Reading: Cascade R-CNN — Delving into High Quality Object Detection (Object Detection)

Outperforms YOLOv2, SSD, RetinaNet, Faster R-CNN, FPN, G-RMI, R-FCN, DCNv1 and Mask R-CNN

5 min readMay 20, 2020

In this story, Cascade R-CNN, by UC San Diego, is briefly described. Prior deep learning object detectors’ performance tends to degrade with increasing the IoU (Intersection over Union) thresholds. They usually suffer from two main factors:

Overfitting during training, due to exponentially vanishing positive samples, i.e. lot of positive samples are gone when IoU threshold increases.
Inference-time mismatch between the IoUs for which the detector is optimal and those of the input hypotheses. e.g.: training at higher(lower) IoU threshold but test at lower(higher) IoU threshold.

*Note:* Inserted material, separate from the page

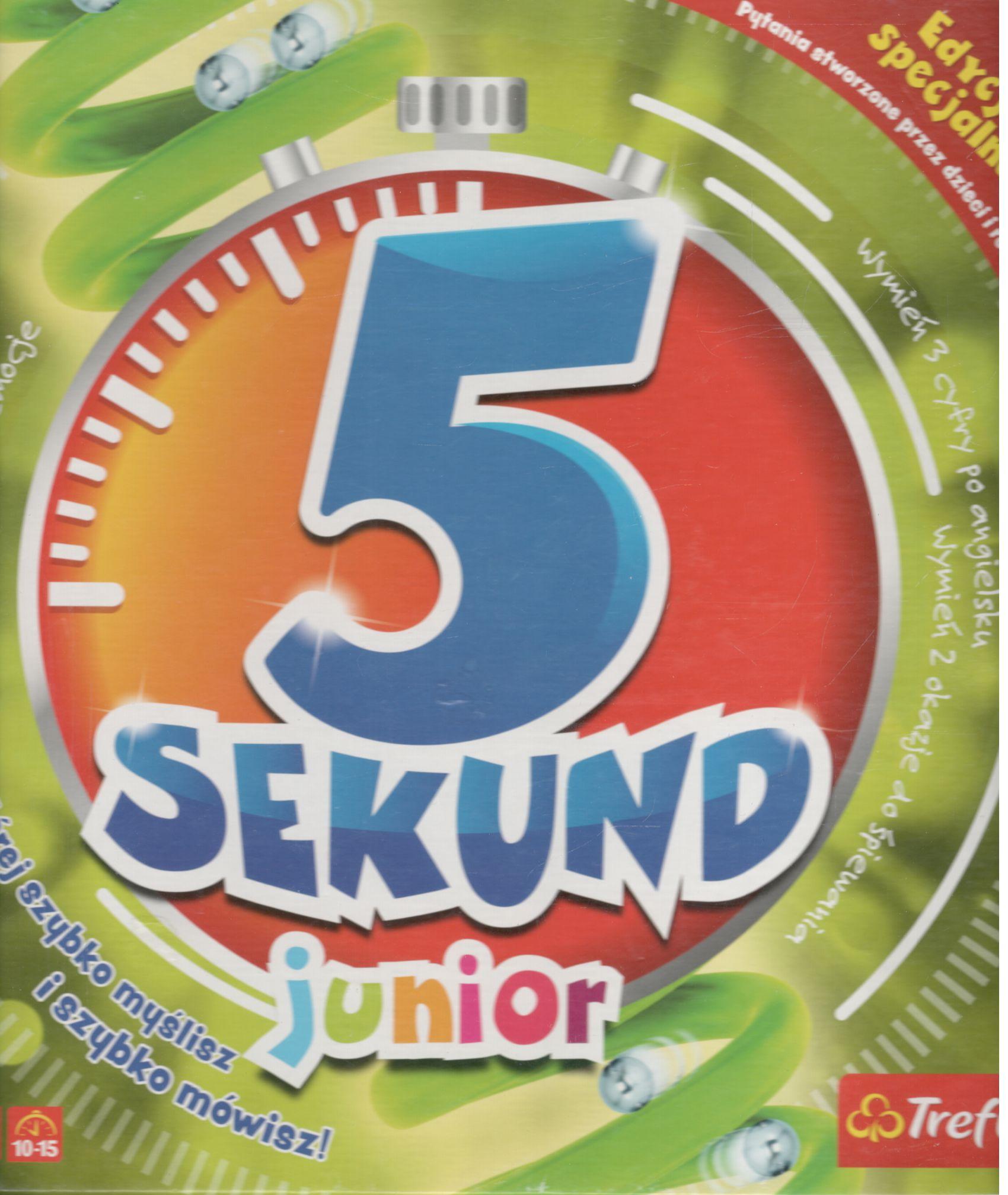5 sekund : junior / opracowanie gry: Paulina Kortas, Adam Bukowski, Jacek Zdybel, Bartosz Odorowicz ; opracowanie graficzne: Sebastian Goyke. - Gdynia : Trefl, [2020]. - 1 pudełko (354 karty z pytaniami (708 pytania), 18 kart "Czas", 18 kart "Zmiana", 6 pionków do gry, 1 plansza do gry, 1 specjalny czasomierz, 1 plastikowe pudełko na karty, instrukcja) ; 26x26x8 cm.

In this paper, Cascade R-CNN, by extending Faster R-CNN, is proposed to solve the above problems. And it is published in 2018 CVPR with over 450 citations. (Sik-Ho Tsang @ Medium)

Outline

Prior Art Network Architectures
Cascade R-CNN Network Architecture
Experimental Results

1. Prior Art Network Architectures

(a) Faster R-CNN: The first stage is a proposal sub-network (“H0”), applied to the entire image, to produce preliminary detection hypotheses, known as object proposals.
In the second stage, these hypotheses are then processed by a region-of-interest detection sub-network (“H1”), denoted as detection head. A final classification score (“C1”) and a bounding box (“B1”) are assigned to each hypothesis.
But B1 is not accurate enough.
(b) Iterative BBox at Inference: Some prior arts think that the bounding box (B1) in (a) obtained, is not accurate enough. Thus, B1 is input into the same H1 again to regress the bounding box to obtain B2, and so on. This iterative approach attempts to gradually fine-tune the bounding box to obtain a more accurate one.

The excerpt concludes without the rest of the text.